Alas, there's a rub.

"You're more likely to go into a diabetic coma than get that rush because you'd have to eat so much chocolate to get the effect," Reiley says.

Though chocoholics may scoff, Reiley reports that cheese could be a better alternative when it comes to jump-starting the libido.

"Cheese actually contains those same components but ten times more of them," she said. "You could realistically get that hormone rush from cheese."

Cheese also has some heavyweight historical proponents. The 18th-century Italian playboy Casanova is said to have sworn by the combination of red wine and stilton.

Reiley herself favors ginger. The fiery root has long been esteemed as an aphrodisiac in Asia but is little known as such in the West.

"It's one of my favorites because its effects are pretty much immediate," she said. "It makes the tongue tingle.
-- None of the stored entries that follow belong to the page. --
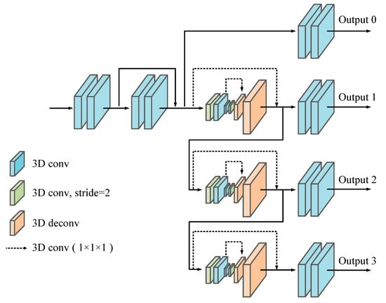 In most end-to-end stereo matching networks, a 3D convolution network is used to realize the disparity calculation. Motivated by PSMNet and GC-Net, a 3D convolution network is introduced in this paper to learn more context information from the dimensions of height, width, and parallax. The network uses an encoding-decoding structure to reduce the large amount of computational burden caused by 3D convolution. In the encoder part, 3D convolution with a stride of 2 is used for down-sampling, and in the decoder part, 3D deconvolution with a stride of 2 is adopted symmetrically to restore the size of matching cost volume. Due to the loss of spatial information, PSMNet connects the matching cost volume in the encoder and decoder. In this paper, motivated by Reference [], a 3D convolution layer is used to replace the original shortcut connection, seen as dashed lines in Figure 5. The architecture of the 3D matching net is shown in Figure 5. The network is composed of three stacked 3D encoding-decoding networks. It uses multi-scale features to fully extract context information and reduces the computational burden. Finally, the size of cost volume is restored to through bilinear interpolation to perform the following disparity regression calculation.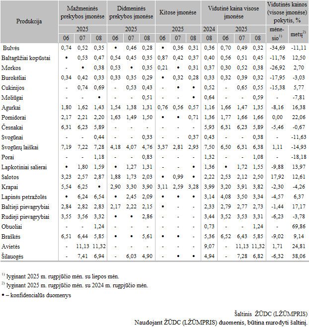 Bulvių, daržovių, pievagrybių, vaisių ir uogų supirkimo iš Lietuvos augintojų šviežiam vartojimui kainos 2025 m. birželio–rugpjūčio mėn., EUR/kg (be PVM)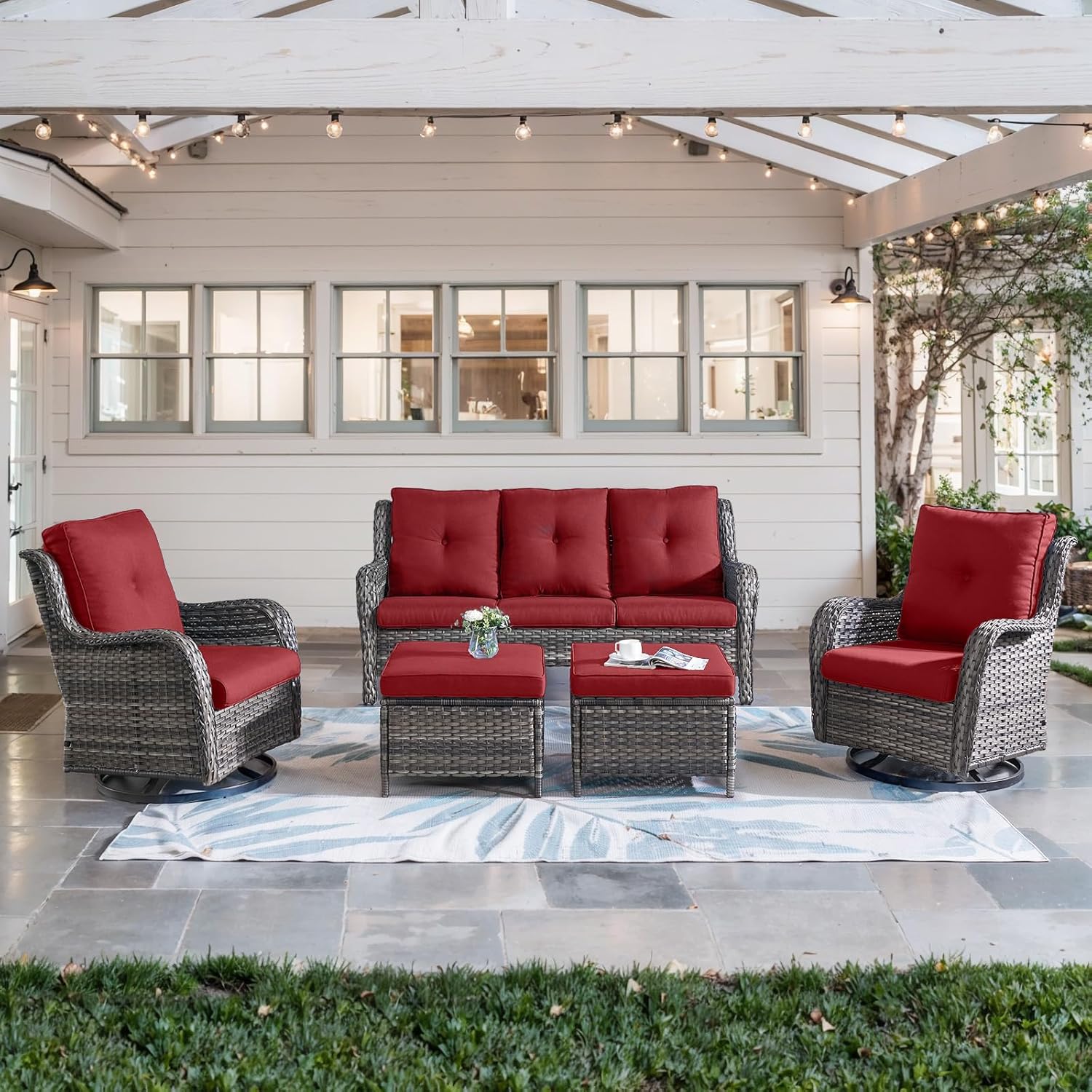 - Patio Furniture Set Introduction: The 5-piece patio furniture set includes 2 swivel glider chairs, 2 ottoman and a sofa, ottoman can not only be used to relax your legs, but also can be used as a small table or small stool. The swivel chairs can hold up to 350 pounds.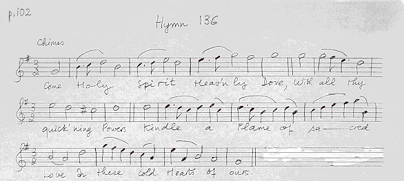 The choir are singing this Wesleyan hymn to one of several familiar, interchangeable, twentieth-century tunes. The original tune may be heard in Love divine (2).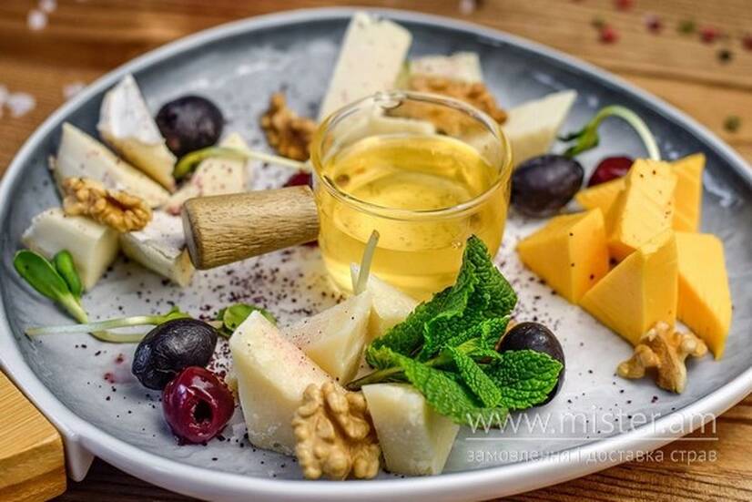 Дор блю, брі, пармезан, чедер, фісташки, оливки, мед.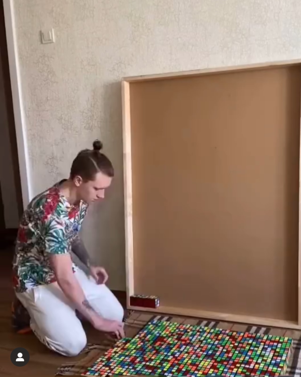 danil.gavrishさんはルービックキューブを回転させ、木のフレームの中に一つずつ並べ始めます。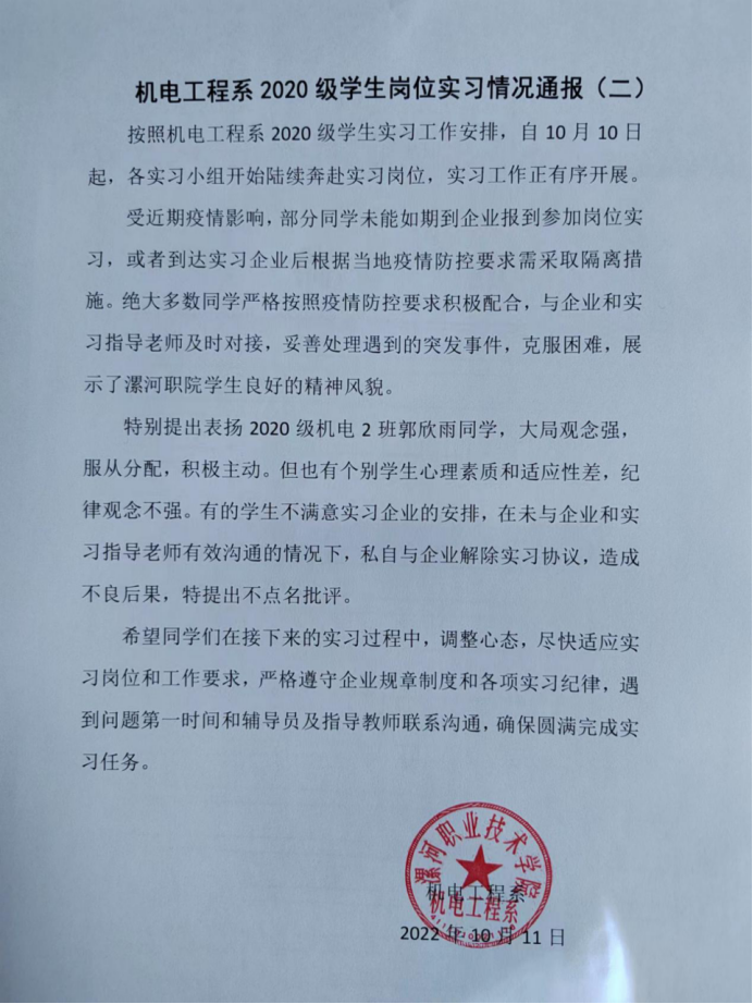 机电工程系2020级员工岗位实习情况通报(一)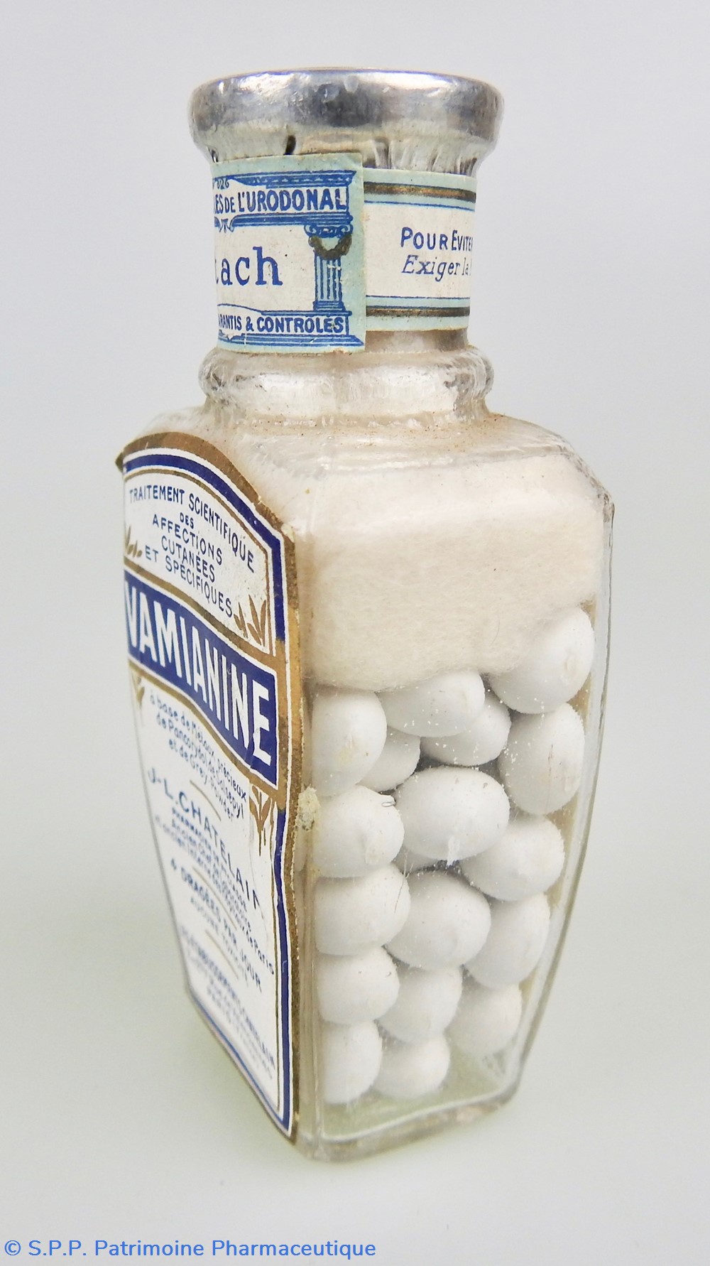 Flacon en verre blanc de forme légèrement évasée avec un goulot fermé par un bouchon serti en aluminium et portant la mention "Etablissement Chatelain" au pourtour avec une fleur au centre. Le flacon n'a jamais été ouvert.Il contient des dragées oblongues blanches de petite taille.. Bon état général.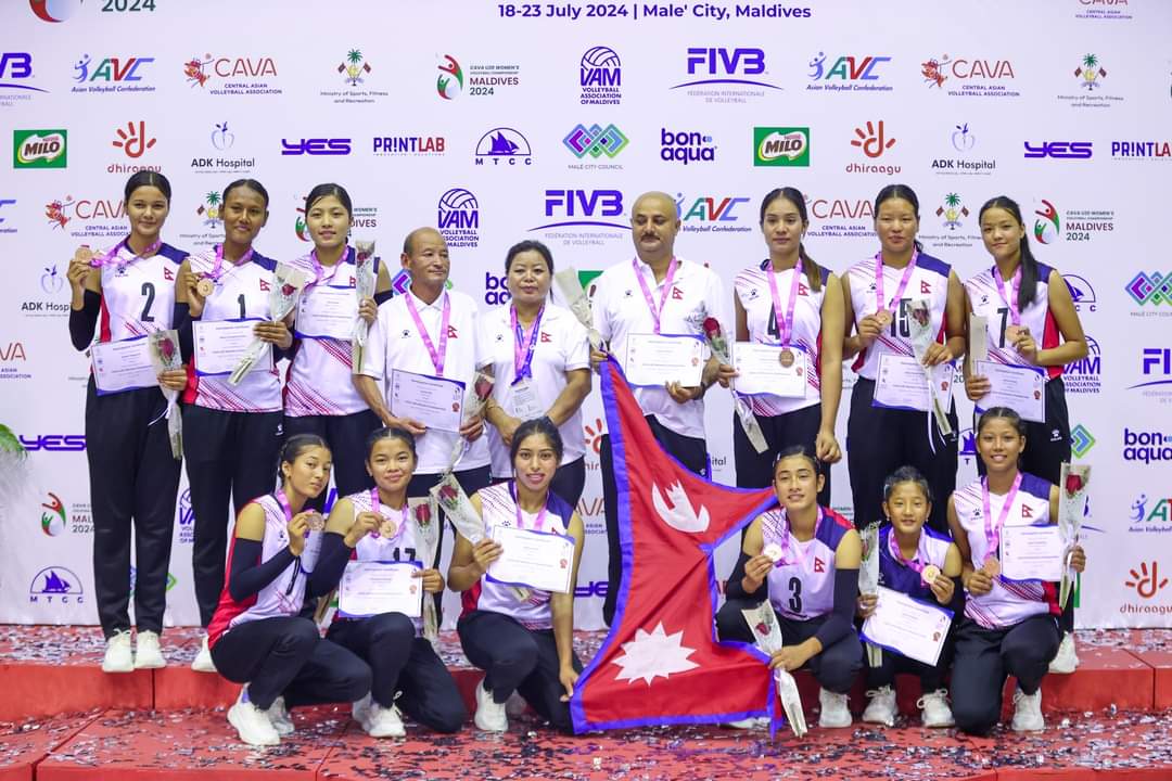 काठमाडौं (हाम्रो खेलकुद) – नेपाल भलिबल संघले काभा यु २० महिला भलिबल च्याम्पियनसिपमा कास्य पदक जित्ने नेपाली टोलीलाई नगदबाट पुरस्कृत गर्ने भएको छ ।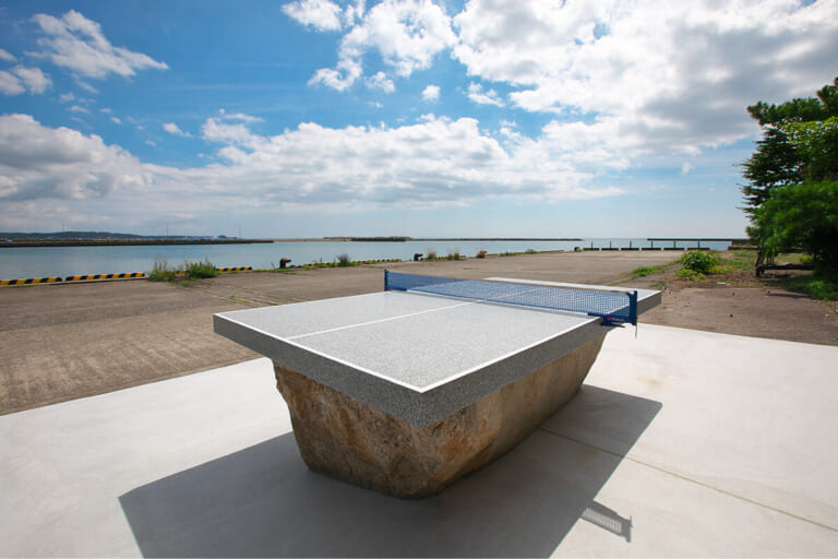 【石の卓球台第3号 浅葉克己(日本)】奥能登国際芸術祭のクリエイティブディレクターを務める作家は、卓球の名手としても名高い。卓球をコミュニケーションを活発にする絶好のツールと考える作家は、これまでにも一枚の石からつくった卓球台をデザインして各地で展開してきた。Photo:Kichiro Okamura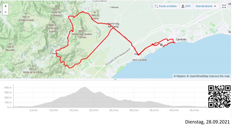 Nachdem ich ins Hotel zurückgekehrt war, setzte ich mich noch für eine kurze Runde aufs Rad. Da bietet sich die Prolog-Runde an. Zügig ging es über die Ebene an die Berge. Dort hatten sich in der Zwischenzeit ein paar dunkle Wolken versammelt.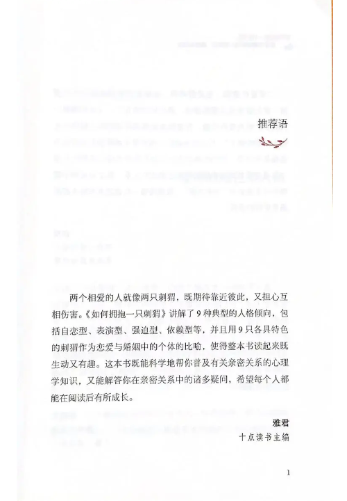 世界上没有接近相同的两片叶子,也没有接近相同的两个人。不同的人会演绎出不一样的爱情。人格是爱情质量的重要影响因素。爱情也是人们改善人格缺陷的宝贵机会。 《如何拥抱一只刺猬:恋爱与婚姻中的人格识别、接纳与付出》涵盖了九大人格类型,并且围绕每一种人格类型介绍了一个以该种人格类型者为主人公的爱情故事。通过本书,读者可以学习在亲密关系中各个人格类型者会有什么样的表现和感受;他们的恋人会有什么样的表现和感受;他们为什么会有这些表现;双方应该做些什么让爱情更甜蜜。从书中看到自己的爱情故事的影子,或者找到实用的建议。此外,针对每种人格类型,作者也精选了一部影视作品或戏剧作品,为读者深入理解该人格类型提供了资源。 本书适合所有对亲密关系感到困惑的人,能够帮助读者理解自己,理解恋人,理解爱情。

It makes the lips swell and look just that much more kissable. It also helps raise your body temperature a little bit."

From the garden she recommends mint. The versatile herb may have one of the most practical applications of all—it's nature's breath freshener.

Lovers aren't likely to stop looking for that special something to give them an edge. Yet many experts stress that the brain remains the biggest sexual organ of all.

"The power of the mind is very strong when it comes to sexual interest, and sometimes just changing the way you think about something will work a [sexual] change, either consciously or subconsciously," said the Kinsey Institute's Bass.